The first Out on Film festival took place in 1988. After being presented under the umbrella of various entities — SAME, IMAGE, the Atlanta Film Festival — Out on Film finally became its own independently run event in 2008. In its 25 years, the fest has been presented at a number of locations, including the Chamblee Hollywood 24, the Plaza Theatre, and Phipps Plaza, before finally finding its home in the heart of gay Atlanta at Landmark's Midtown Art Cinema in 2003.
The 2012 film festival, which will screen dozens of movies Oct. 4-11, seeks to present a broad range of films by, for, and about the LGBTQ community. The explosion in the number and types of films representing gay people has made programming more difficult every year, Farmer says. "Twenty years ago, films about gay and lesbian people were a bit more limited in terms of variety," he says. "This was the hardest year simply because we had so much to choose from."
Although the annual festival doesn't have a theme, the notion of "looking back at history" became a strong thread in the films the jury selected for 2012, Farmer says. Contemporary classics like Hedwig and the Angry Inch (Oct. 6, 11:30 p.m.) and the indie hit Trick (Oct. 10, 9:10 p.m., with a festival appearance by scene-stealing drag queen Coco Peru) are among the films in the retrospective series. A screening of the acclaimed 2002 Israeli film Yossi and Jagger (Oct. 9, 4 p.m.) will be followed by the Atlanta premiere of its sequel, Yossi (Oct. 9, 7:30 p.m.), which picks up with the same characters 10 years after the end of the first film. The documentary United in Anger (Oct. 6, 12:30 p.m.) examines the history of the AIDS activist group Act Up, and Jobriath A.D. (Oct. 11, 6:15 p.m.) looks at the fate of the world's first openly gay rock musician in the 1970s.

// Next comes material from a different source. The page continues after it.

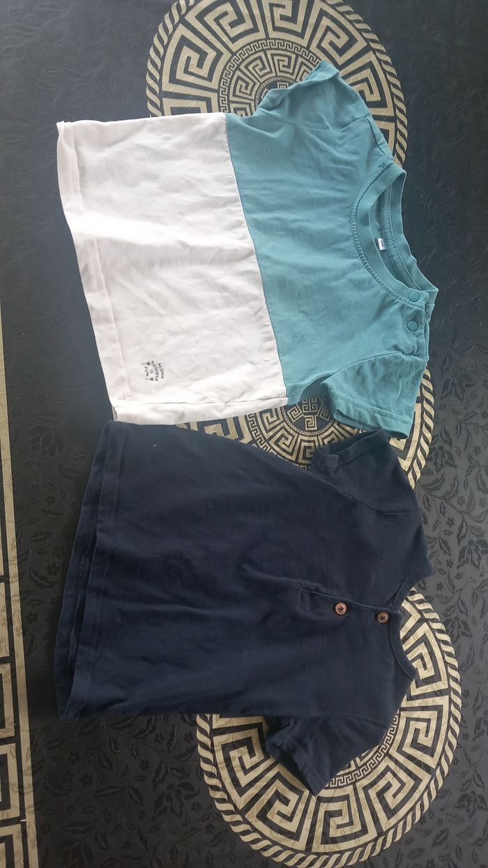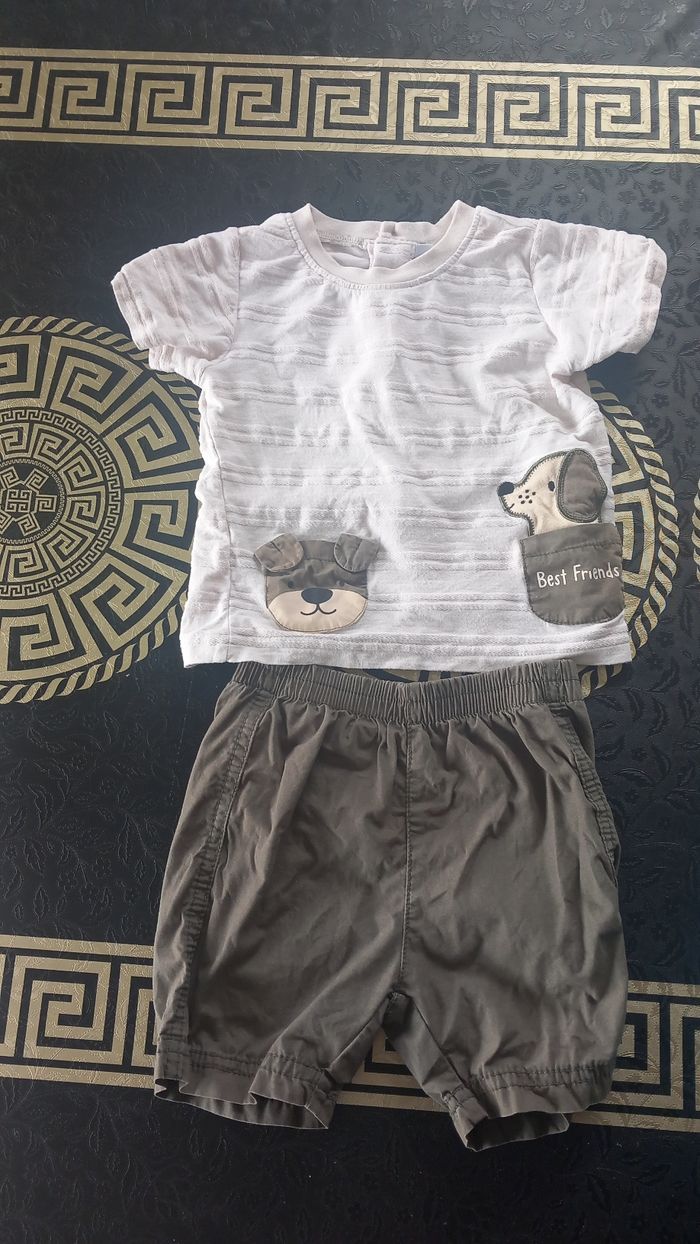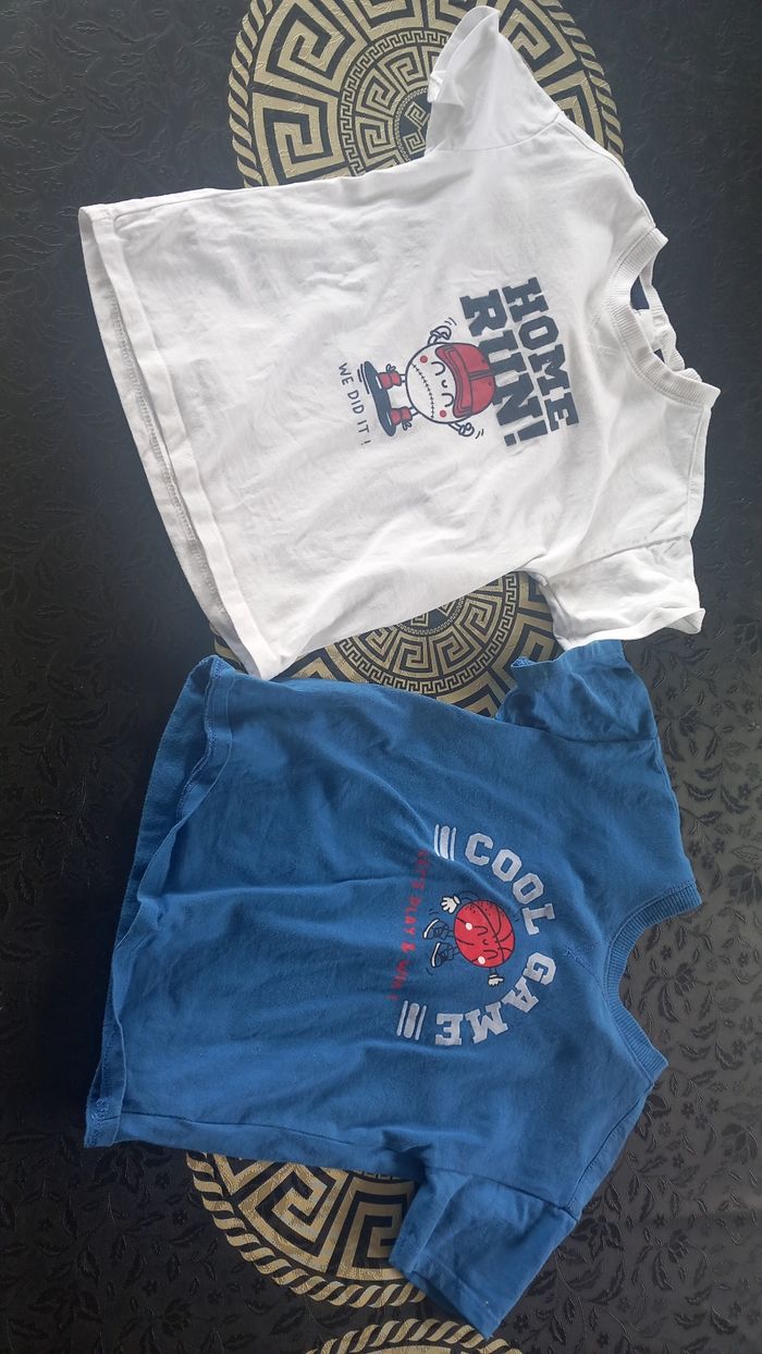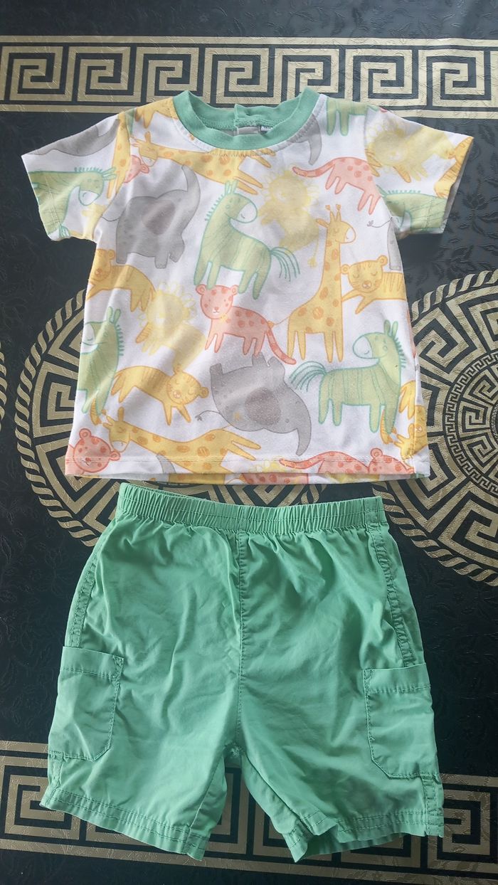 Lot 18 mois ou 86 cms allant de bon état à très bon etat: 4 ensembles short et haut (petite tâche à enlever sur le blanc avec le poisson) 1 salopette short gemo 4 tee shirt 1 short 1 combi piscine offerte car plusieurs défauts Sandales kiabi taille 22 Vous trouverez aussi dans mon dressing des lots de bodies à manches courtes et sans manches.

Out on Film also seeks to present films with a strong local or Southern angle: Shorts with Local Flair (Oct. 11, 5 p.m.) is a collection of short films by local filmmakers, including the documentary Whistlin' Dixie, which focuses on queer musicians in the South and features interviews with Indigo Girl Amy Ray and the Athens Boys Choir. "I'm very proud of the fact that we try very hard to make it about the entire community," says Farmer. "We try to make it about everyone, even for films that might not have huge commercial impact."
The festival also includes a lot of non-film events: Q&As, artist and director appearances (at least one every day of the eight-day festival), opening and closing night parties, and panel discussions. It's these events, Farmer says, that continue to set the festival apart. "Gay Atlanta is big, and there's a lot going on. You really have to struggle to stick out. ... 10 years ago, it was hard to even find a gay film. Nowadays there are so many ways of accessing gay and lesbian content. But at Out on Film, you're not just watching a movie. You're going to see a film with other people in your community. We want to make it an experience."